▸ **What the task requires**: Each line of the data below between the one containing "This creamy chicken" and the one containing "4일 오후 대구 시민구장에서", both included, is to be repeated exactly. Please omit pictures.

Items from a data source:

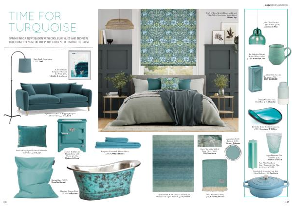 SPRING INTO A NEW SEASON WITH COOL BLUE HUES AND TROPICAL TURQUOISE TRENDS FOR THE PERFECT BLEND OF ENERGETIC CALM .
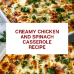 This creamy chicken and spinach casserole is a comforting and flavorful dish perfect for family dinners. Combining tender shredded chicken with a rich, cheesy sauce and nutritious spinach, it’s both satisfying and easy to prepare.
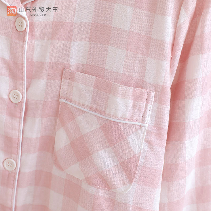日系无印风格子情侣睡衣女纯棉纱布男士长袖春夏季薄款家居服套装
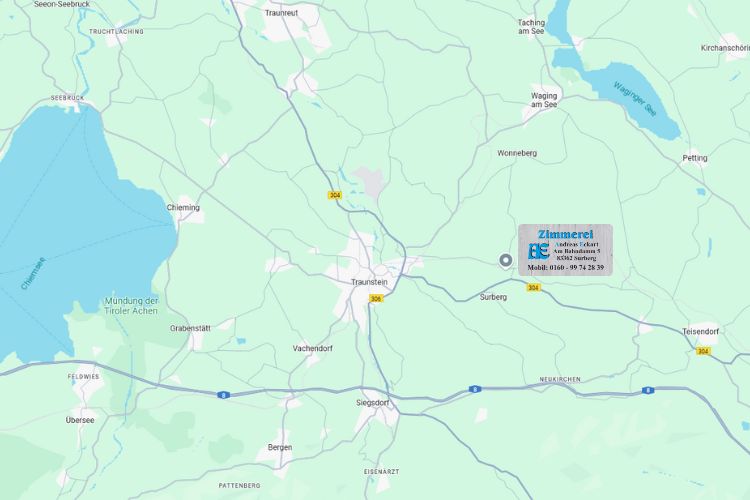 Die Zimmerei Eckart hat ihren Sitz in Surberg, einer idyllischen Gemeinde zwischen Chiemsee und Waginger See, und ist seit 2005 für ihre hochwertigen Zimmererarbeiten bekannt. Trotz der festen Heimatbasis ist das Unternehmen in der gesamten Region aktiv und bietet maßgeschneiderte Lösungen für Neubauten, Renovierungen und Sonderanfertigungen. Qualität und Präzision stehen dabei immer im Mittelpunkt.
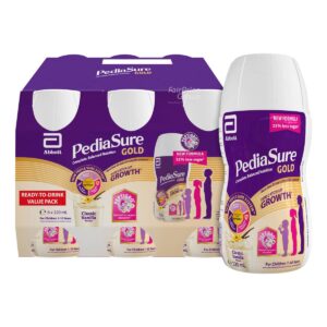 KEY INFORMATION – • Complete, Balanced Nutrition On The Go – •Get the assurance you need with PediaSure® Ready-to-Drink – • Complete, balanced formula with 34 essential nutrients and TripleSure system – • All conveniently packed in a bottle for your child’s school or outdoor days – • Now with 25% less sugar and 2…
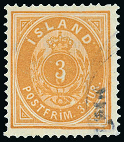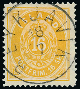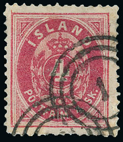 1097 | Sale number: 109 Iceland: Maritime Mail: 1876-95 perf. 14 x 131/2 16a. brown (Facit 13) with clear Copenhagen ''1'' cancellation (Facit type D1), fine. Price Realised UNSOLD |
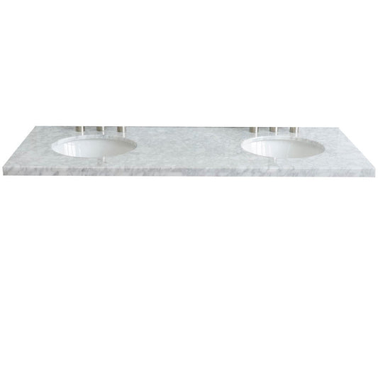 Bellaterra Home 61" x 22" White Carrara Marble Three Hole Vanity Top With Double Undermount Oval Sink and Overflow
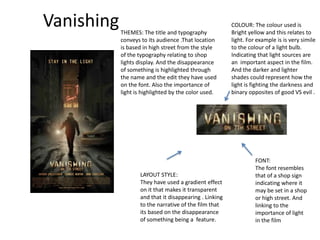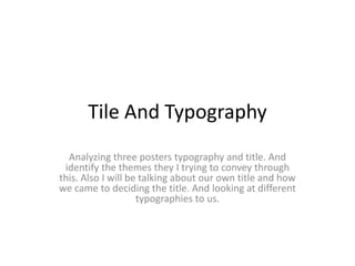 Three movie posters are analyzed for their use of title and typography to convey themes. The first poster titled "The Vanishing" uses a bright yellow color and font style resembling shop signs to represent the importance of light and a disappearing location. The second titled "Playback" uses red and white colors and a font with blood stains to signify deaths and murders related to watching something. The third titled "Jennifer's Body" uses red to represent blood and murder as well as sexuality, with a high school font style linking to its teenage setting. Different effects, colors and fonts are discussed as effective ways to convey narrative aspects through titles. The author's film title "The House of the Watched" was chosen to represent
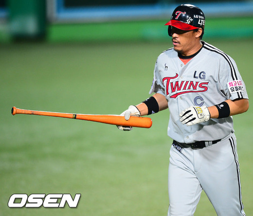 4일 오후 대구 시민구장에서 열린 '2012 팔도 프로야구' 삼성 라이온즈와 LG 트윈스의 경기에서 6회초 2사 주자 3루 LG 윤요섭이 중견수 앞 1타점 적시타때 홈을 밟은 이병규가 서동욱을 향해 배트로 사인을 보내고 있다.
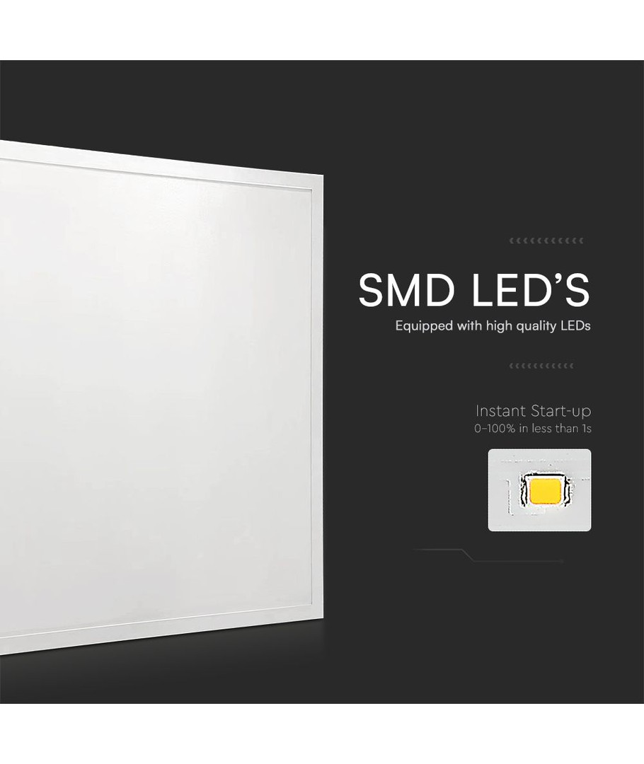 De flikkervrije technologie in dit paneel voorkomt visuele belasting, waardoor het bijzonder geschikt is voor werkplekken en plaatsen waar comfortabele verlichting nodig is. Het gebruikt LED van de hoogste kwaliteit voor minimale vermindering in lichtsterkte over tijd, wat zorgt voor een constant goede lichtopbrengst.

▸ **Exercise response**:
 This creamy chicken and spinach casserole is a comforting and flavorful dish perfect for family dinners. Combining tender shredded chicken with a rich, cheesy sauce and nutritious spinach, it’s both satisfying and easy to prepare.
日系无印风格子情侣睡衣女纯棉纱布男士长袖春夏季薄款家居服套装
 Die Zimmerei Eckart hat ihren Sitz in Surberg, einer idyllischen Gemeinde zwischen Chiemsee und Waginger See, und ist seit 2005 für ihre hochwertigen Zimmererarbeiten bekannt. Trotz der festen Heimatbasis ist das Unternehmen in der gesamten Region aktiv und bietet maßgeschneiderte Lösungen für Neubauten, Renovierungen und Sonderanfertigungen. Qualität und Präzision stehen dabei immer im Mittelpunkt.
 KEY INFORMATION – • Complete, Balanced Nutrition On The Go – •Get the assurance you need with PediaSure® Ready-to-Drink – • Complete, balanced formula with 34 essential nutrients and TripleSure system – • All conveniently packed in a bottle for your child’s school or outdoor days – • Now with 25% less sugar and 2…
 1097 | Sale number: 109 Iceland: Maritime Mail: 1876-95 perf. 14 x 131/2 16a. brown (Facit 13) with clear Copenhagen ''1'' cancellation (Facit type D1), fine. Price Realised UNSOLD |
 Bellaterra Home 61" x 22" White Carrara Marble Three Hole Vanity Top With Double Undermount Oval Sink and Overflow
 Three movie posters are analyzed for their use of title and typography to convey themes. The first poster titled "The Vanishing" uses a bright yellow color and font style resembling shop signs to represent the importance of light and a disappearing location. The second titled "Playback" uses red and white colors and a font with blood stains to signify deaths and murders related to watching something. The third titled "Jennifer's Body" uses red to represent blood and murder as well as sexuality, with a high school font style linking to its teenage setting. Different effects, colors and fonts are discussed as effective ways to convey narrative aspects through titles. The author's film title "The House of the Watched" was chosen to represent
 4일 오후 대구 시민구장에서 열린 '2012 팔도 프로야구' 삼성 라이온즈와 LG 트윈스의 경기에서 6회초 2사 주자 3루 LG 윤요섭이 중견수 앞 1타점 적시타때 홈을 밟은 이병규가 서동욱을 향해 배트로 사인을 보내고 있다.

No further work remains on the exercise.